Eventually, each Friend become a well-rounded human being who we watched grow over a decade, but it was like the writers didn’t give us viewers credit for having the patience to get to know them. Who knows, maybe we wouldn’t have.

This pilot is so pilot-y. We are bombarded with back story, character quirks, and strained jokes. Everything is over the top: the hairstyles, the coffee cups, Joey’s accent. On the off chance that you haven’t seen it, the plot is that Ross (David Schwimmer) has just split from his wife, just as Monica’s (Courteney Cox) old high school friend Rachel (Jennifer Aniston) leaves her husband-to-be at the altar and runs off to Manhattan to get away from her suffocating suburban existence. Ross has had a thing for Rachel since puberty, and now the possibility of a relationship finally exists.

One thing we can observe from the pilot of Friends is that, although it’s purported to be an ensemble show, it’s really about Ross and Rachel. Always was, always will be. In this opening episode the other four are basically just comic relief. The jokes were pretty bad, too. Even Chandler is unfunny, for Chandler (Matthew Perry). The only part that makes me laugh out loud is when Rachel is on the phone to her father. She is all disheveled, still in her wedding dress, pleading with him for understanding. To paraphrase, she describes how everyone has always told her she’s a shoe and today she’s realized she’s a hat. There’s a pause, then: “No I don’t want you to buy me a hat. It’s a metaphor, Daddy!” So although she’s an ingénue, she’s wacky, and a solid comic actress (who gets funnier each season).
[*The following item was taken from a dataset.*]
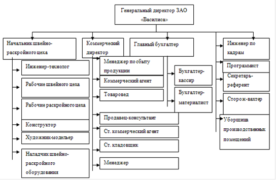 Организационная структура ЗАО «Василиса» имеет линейно-функциональный принцип построения и характеризуется тем, что первому руководителю в разработке конкретных вопросов и подготовке соответствующих решений, программ, планов помогает специальный аппарат управления, состоящий из функциональных подразделений. Такие подразделения проводят свои решения либо через высшего руководителя, либо прямо доводят их до специализированных служб или отдельных исполнителей на нижестоящем уровне.

You may have heard the story about how she originally auditioned to play Monica.

If for some reason you haven’t seen this, just watch one of the 500 channels that carry the show in syndication and you’re bound to catch it.

Bones

I must start by saying this is my favorite show currently on TV. It’s funny, suspenseful, well-written, and demands some level of viewer commitment to follow, to say nothing of the eye candy.
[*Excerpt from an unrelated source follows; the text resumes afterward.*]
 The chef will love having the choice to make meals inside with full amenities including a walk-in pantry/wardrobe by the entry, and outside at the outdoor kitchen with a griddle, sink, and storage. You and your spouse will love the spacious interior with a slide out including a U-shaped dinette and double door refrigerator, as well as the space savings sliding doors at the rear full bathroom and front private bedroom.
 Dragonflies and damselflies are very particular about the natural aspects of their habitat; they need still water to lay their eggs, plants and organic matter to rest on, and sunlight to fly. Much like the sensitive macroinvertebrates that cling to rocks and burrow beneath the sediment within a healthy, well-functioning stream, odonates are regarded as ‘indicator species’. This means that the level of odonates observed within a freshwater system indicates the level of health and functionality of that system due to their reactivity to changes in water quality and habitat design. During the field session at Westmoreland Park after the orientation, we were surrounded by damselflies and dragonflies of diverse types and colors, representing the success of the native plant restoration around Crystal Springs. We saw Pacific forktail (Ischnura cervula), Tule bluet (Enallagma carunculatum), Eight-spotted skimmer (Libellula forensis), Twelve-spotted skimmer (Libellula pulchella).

What I love about the pilot is it doesn’t feel like a pilot. Special Agent Sealy Booth (David Boreanaz) and Dr. Temperance “Bones” Brennan (Emily Deschanel) have worked together before. They don’t like each other much, but there is respect, and none of that weirdly forced sexual tension usually found on shows where a man and a woman are partners. (Suggestions of romance come later for these two.)
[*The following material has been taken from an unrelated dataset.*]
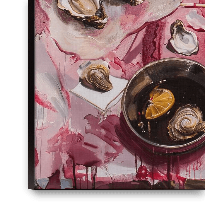 Full of symbolism and sensory seduction, this tantalising still life shows an elegantly set table full of oysters, lemons and red wine, captured in an expressive, almost sensual painting style. The deep hues of the wine red literally drip over the pink tablecloth, as if emotions have poured onto the canvas. The paint is glossy and fluid…

We meet secondary character Angela first. She flashes her boobs to a clerk for information at Dulles airport. Brennan is flying in from Guatemala, where she was identifying remains in a mass grave, and she gets detained by Homeland Security for having a skull in her bag. It turns out Booth is behind this embarrassing little episode. He needed to snatch her up to help with a potentially high-profile murder case.

And, we’re into the week’s (largely forgettable) mystery. Do we care who murdered a congressional intern? Not really. Do we care how this seasoned FBI agent and genius scientist are going to work together? Hell yeah; the show is now in its fifth season.

Always with this show, the B Plot is far more interesting than the A Plot. The A Plot serves as a backdrop on which to paint character traits. In this mystery, for example, we learn that Booth is tactful, even reverent, when dealing with a victim’s family. Bones would rather lay out all the facts, feelings be damned. But nothing about these character development tactics is unique to the pilot. With every episode, the characters grow. In my opinion, Booth and Bones’ relationship doesn’t even begin to hit its stride until episode 15, when Booth saves Bones’ life for the first time.

We get briefly introduced to the other “squints,” Jack and Zach, and their boss, Dr. Goodman, who only lasted one season. We have plenty of time to learn about all of them.

The pilot gives us one quintessential moment to hang onto throughout the series; indeed I believe it was used in commercials for the show throughout Season 1. Booth: “C’mon, we’re Scully and Mulder.” Bones: “I don’t know what that means.” She doesn’t. Her ignorance of pop culture is used as a joke again and again. Oh, right, the pilot also includes Bones’ ex-boyfriend showing up to reclaim his TV. We see that Bones isn’t likely to miss him or it.